Child Protection in Ndhiwa
Hi everyone, my name is Meg and I have been in Ndhiwa, working with the team on some exciting projects for the past couple of months.
Twende Pamoja have recently delivered a highly successful Child Protection campaign, the aim of which is to address school related gender based violence. This project attracted funding from the Evan Cornish Foundation, due to the shocking discoveries made back in 2017 by Comic Relief. The 2017 research indicated that over 60% of girls had suffered gender based violence within their schools. Sadly, many of the instances of abuse were perpetrated by those in positions of power, notably teachers or members of religious organisations.
The focus of the Child Protection project was two fold. Firstly, it aimed to prevent instances of gender based violence by delivering a comprehensive training and sensitisation programme. Secondly, the project aimed to ensure that when incidents of abuse did take place, that there were robust procedures in place to ensure that victims were properly supported. The findings of the Child Protection project are yet to be formally published, but initial findings do illustrate a significant positive change. Nevertheless, there are still gaps, both in ensuring that cases are reported, but also in handing cases thereafter.

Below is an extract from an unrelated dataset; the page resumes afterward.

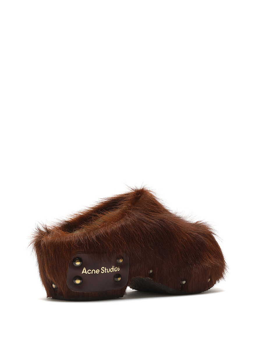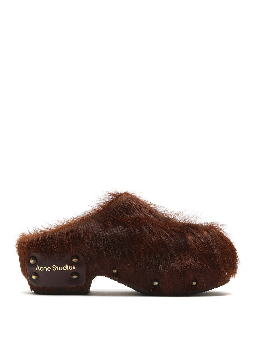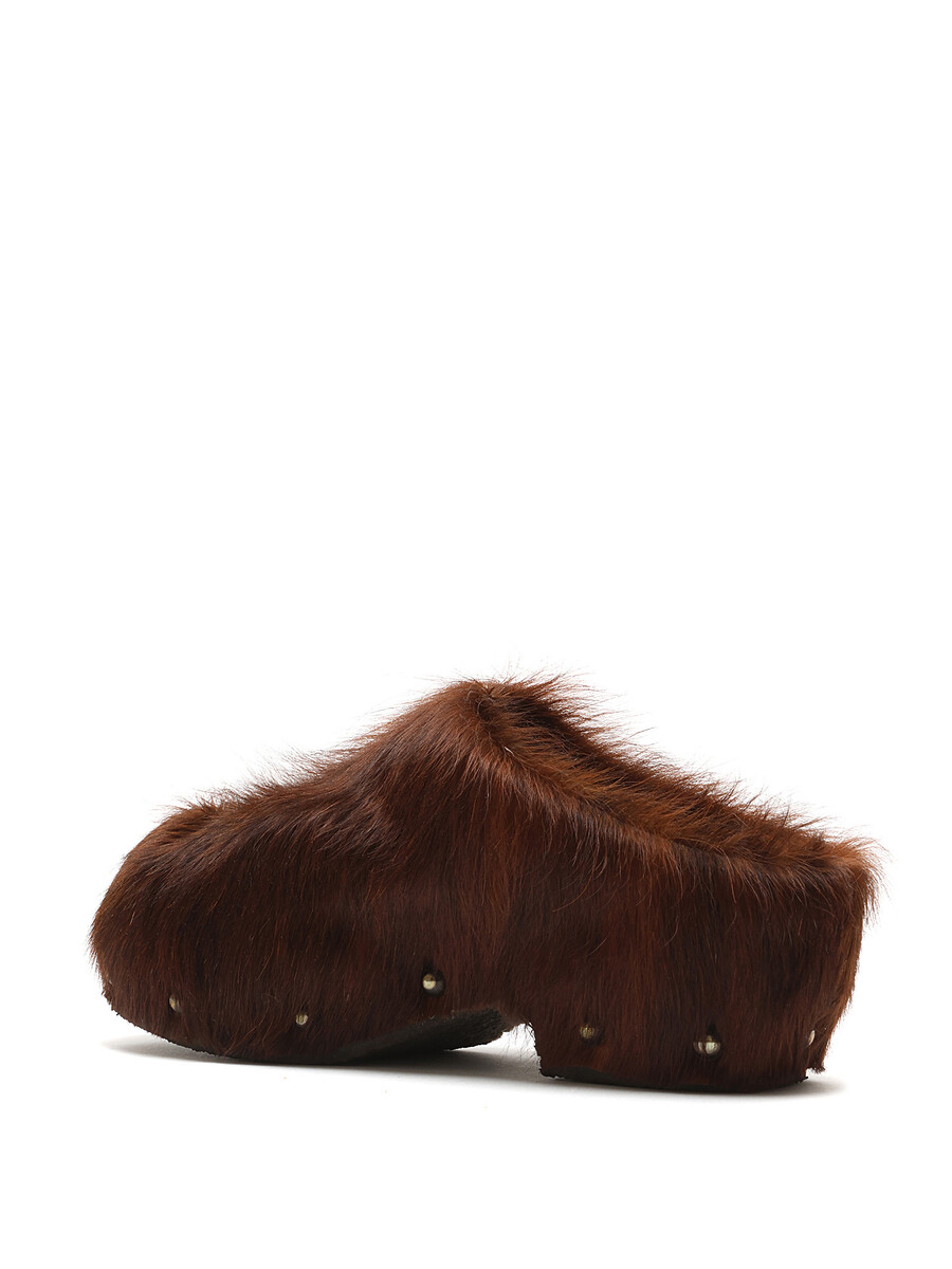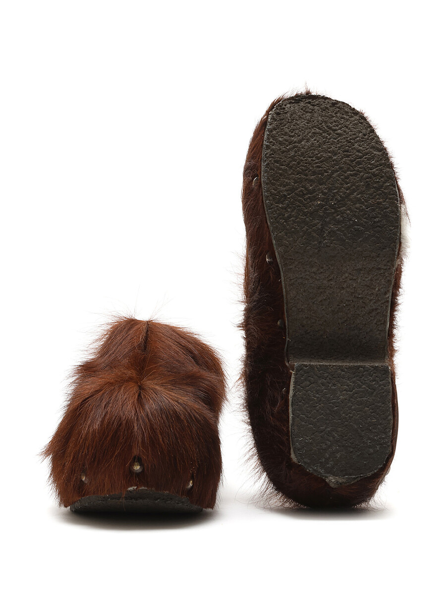 Sabots en fourrure de poney marron avec doublure en sherpa synthétique. Modèle à enfiler avec bout rond et semelle en caoutchouc.

Since my arrival, I have been conducting some research to help inform the planning of the team’s next child protection plan. I have collected data and conducted interviews with key stakeholders to gain their perspectives on how we can continue to best support the girls. I have also been working closely alongside members of the child protection team to develop a strategy in which we can evaluate the successes of the previous child protection project.

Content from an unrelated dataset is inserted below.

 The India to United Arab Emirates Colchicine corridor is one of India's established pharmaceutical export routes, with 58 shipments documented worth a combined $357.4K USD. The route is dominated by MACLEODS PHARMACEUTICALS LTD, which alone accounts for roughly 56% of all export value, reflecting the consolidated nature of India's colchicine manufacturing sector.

I have also met with some of the girls, and spoken to them about the impact that COVID-19 has had on them and their families. Whilst restrictions in Kenya have eased, the impact is still being felt very much in the communities that live here. Girls have spoken about the way in which COVID-19 has caused longer term unemployment meaning that existing jobs have become more competitive. One of the girls spoke of how, due to unemployment, many people are now trying to sell vegetables in the market. Previously her Mum was able to make enough to support the families basic needs, but due to market saturation, her Mum often comes home empty handed. The charity are currently exploring how they can best support those most affected by COVID-19.
In the coming weeks, we will analyse this data and identify the main findings of the research. This will then be used to help inform the planning stage, ensuring that, as always, the steps the charity takes reflects the need on the ground.